Health

Sepsis is an overlooked killer in COVID-19 patients. A new tool may help

A new blood-filtering device is getting promising results against sepsis, a condition that affects almost as many people as cancer

January 14, 2022
Electron micrograph of red coronaviruses attacking a human cell.
A new blood filtering device removes viruses like the novel coronavirus, pictured here as red dots in this colorized electron microscope scan of a human cell, to reduce inflammation in sepsis patients. [Credit: NIAID | CC BY 2.0

In 2006, the doctors wanted to send him home with antibiotics for a urinary tract infection, but Carl Flatley insisted on staying in the hospital. He knew how quickly things could turn. 

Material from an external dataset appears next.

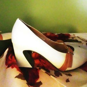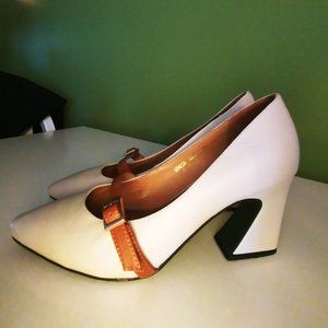 "BELLE" Creamy beige coloured Leather with Tan straps, angled 2" heels, super clean, worn once
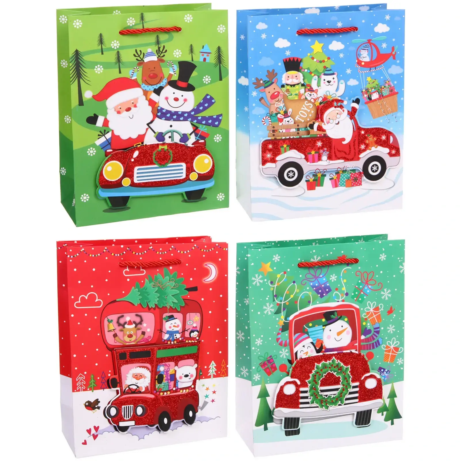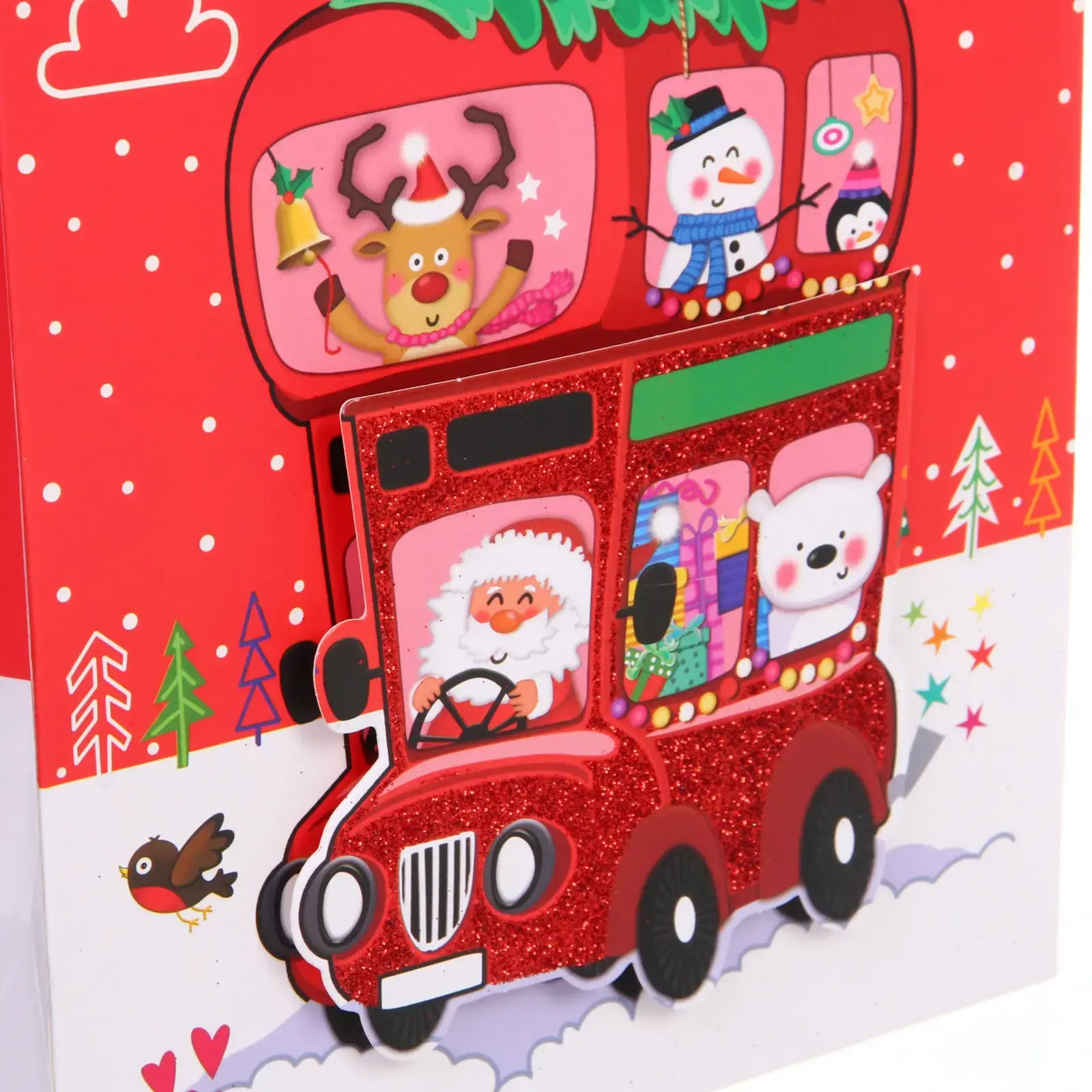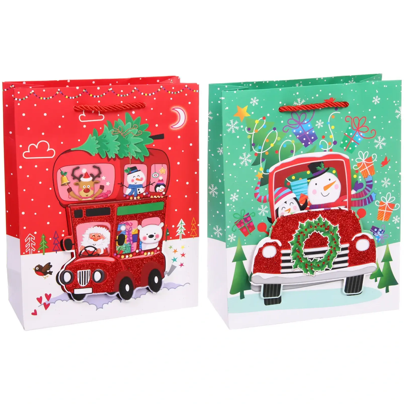 Создайте атмосферу праздника с подарочным пакетом «Зимнее путешествие». Этот стильный пакет станет идеальным решением для упаковки подарков на Новый год и Рождество. Яркие цвета и праздничные иллюстрации с изображением Санты, снеговиков и оленей создают радостное настроение и подчеркивают важность момента дарения.

Four years earlier, his 23-year-old daughter Erin had died following a routine surgery after her medical team had missed the signs of sepsis — a severe immune response to infection that is surprisingly common, yet frequently overlooked, and kills 270,000 Americans every year. 

Now Flatley was worried that he, too, might become one of those casualties. He feared that the doctors were again failing to consider the possibility that his body’s immune system might overreact to the UTI, triggering a potentially deadly case of sepsis.  

He was right. He underwent two surgeries to clear the septic infection, spent the next 11 days in the hospital and 40 more days on antibiotics. After seeing what his daughter went through, he was able to recognize the warning signs and advocate for his own care.

“Erin saved my life,” he says. 

Flatley, a retired dentist, founded the Sepsis Alliance in 2007 to spread awareness and advocate for patients and families affected by this deadly condition that took his daughter’s life and almost his own. Many have never even heard of sepsis; even Flatley did not understand the risks of sepsis before his daughter’s illness.

Lately, however, sepsis has been creeping into the national conversation. In October last year, former President Bill Clinton was hospitalized for six days with sepsis. Beyond that, thousands of COVID-19 patients have developed potentially life-threatening viral sepsis, leading the U.S. Food and Drug Administration to grant emergency authorization in April 2020 for an innovative medical device called Seraph 100.

The device, which looks like a thick plastic tube, filters the blood of sepsis patients to remove bacteria, fungi and viruses, including the new coronavirus. In April 2021, the manufacturer, ExThera Medical of Martinez, California, reported promising early results in 53 COVID-19 patients. Over half of the patients using Seraph 100 survived, while only a third survived with typical treatment. The company recently launched an expanded trial in hopes of gaining full FDA approval and then making its filtration system widely available.

“Why would you not try this?” asks Dr. Mink Chawla, a nephrologist and critical care physician who chairs ExThera’s scientific advisory board. He is also chief medical officer at Silver Creek Pharmaceuticals, a San Francisco-based biotech startup. 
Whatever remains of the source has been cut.